I am sorry, it's probably very basic question, but I have great hole in head and can't figure it out. I need to separate denominator, like that:
$ \frac { 1 } { n _ { 0 } + n _ { 1 } + n _ { 2 } + \ldots } = \frac { A } { n _ { 0 } } + \frac { B } { n _ { 1 } } + \frac { C } { n _ { 2 } } + \dots $
Please could anyone give some hint. For any help thanks in advance.
There are too many degrees of freedom. This means there are many (infinite even) ways to do this.
For instance, consider the case with two variables: $$ \frac{1}{a+b} = \frac{c}{a} + \frac{d}{b} $$ Notice that you have one equation with two unknown variables!

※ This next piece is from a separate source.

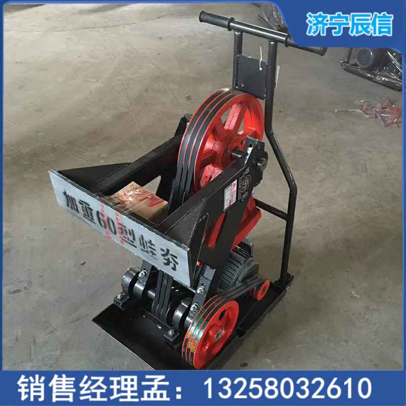 蛙式夯實機利用旋轉慣性力的原理制成,由夯錘、夯架、偏心塊、皮帶輪和電動機等組成。電動機及傳動部分裝在橇座上,夯架后端與傳動軸鉸接,在偏心塊離心力作用下,夯架可繞此軸上下擺動。夯架前端裝有夯錘,當夯架向下方擺動時就夯擊土壤,向上方擺動時使橇座前移。因此,蛙式夯夯錘每沖擊一次,機身即向前移動一步。
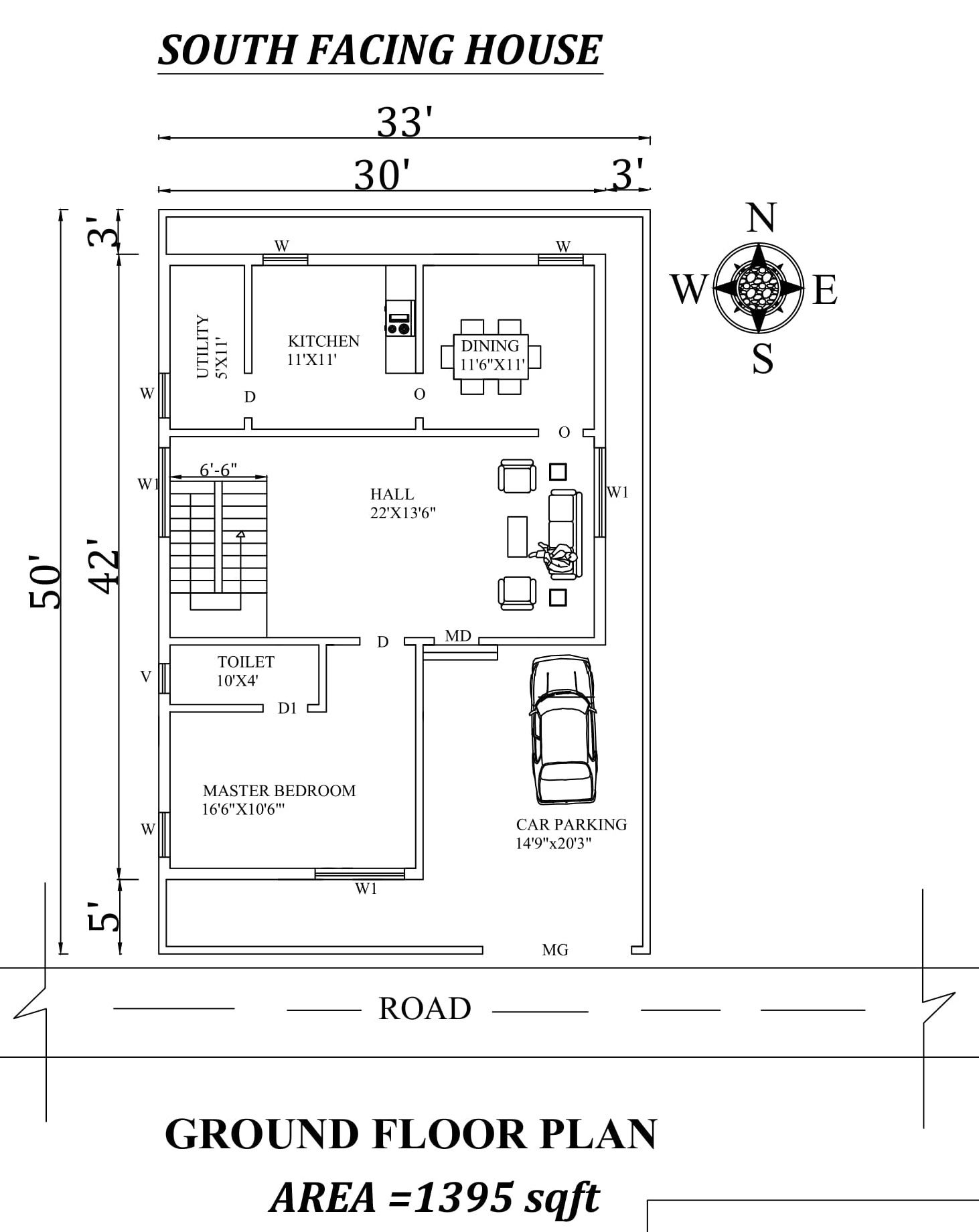 Autocad Drawing file shows 33'x50' South facing Ground Floor House Plan As Per Vastu Shastra. The total buildup area of this house is 1395 sqft. The kitchen is in the North direction. The Utility near the kitchen placed in the Northwest direction. The Dining is Placed in the Northeast direction. The master bedroom available in the southwest direction with the attached toilet is in the west direction. A staircase is available in the west inside of the house. The Hall is in the Southeast Direction.Portico/Car parking is available in the Southeast direction of the house. Road Available in the South direction.Download Autocad Drawing file and PDF file.

This means we can simply set $c$ to be some constant, e.g. $1$, and then solve for $d$, getting: $$ d = b\left( \frac{1}{a+b} - \frac{c}{a} \right) = b\left( \frac{1}{a+b} - \frac{1}{a} \right) $$ for $c=1$. Of course you could choose anything for $c$.
Let's do it in general. Let: $$ S = \left[ \sum_{i=1}^m x_i \right]^{-1} $$ Then we want to find $\{a_i\}_{i=1}^m$ such that: $$ S = \sum_{i=1}^m \frac{a_i}{x_i} $$ Well, since there is one equation, we have $m-1$ degrees of freedom. Let us fix all the parameters except $a_j$. Essentially we shall freely choose values for $\{a_i\}_{i\ne j}$, at the cost of $a_j$ not being free (i.e. $a_j$ is constrained by the values we choose for $a_i$. Solving for $a_j$ we get: $$ S =\frac{a_j}{x_j} + \sum_{i\ne j} \frac{a_i}{x_i} \;\;\;\implies\;\;\; a_j = x_j\left( S - \sum_{i\ne j} \frac{a_i}{x_i} \right) $$
Cool. So now we can choose some values for the $a_i$'s, and this will fix the value of $a_j$.
For example, let's choose $a_i=x_i\;\forall\;i\ne j$. Then we get: $$ a_k = \begin{cases} x_k & k\ne j\\ x_j(S^{-1}-m+1) & k=j \end{cases} $$
As another example, consider: $ a_i = x_iS/m $ for all $i\ne j$. Then what is $a_j$? Well: $$ a_j=x_j\left( S - \sum_{i\ne j}\frac{S}{m} \right)=x_j\frac{S}{m} $$ So we can say $a_k = x_k S/m$ for all $i\in[1,m]$ for this case.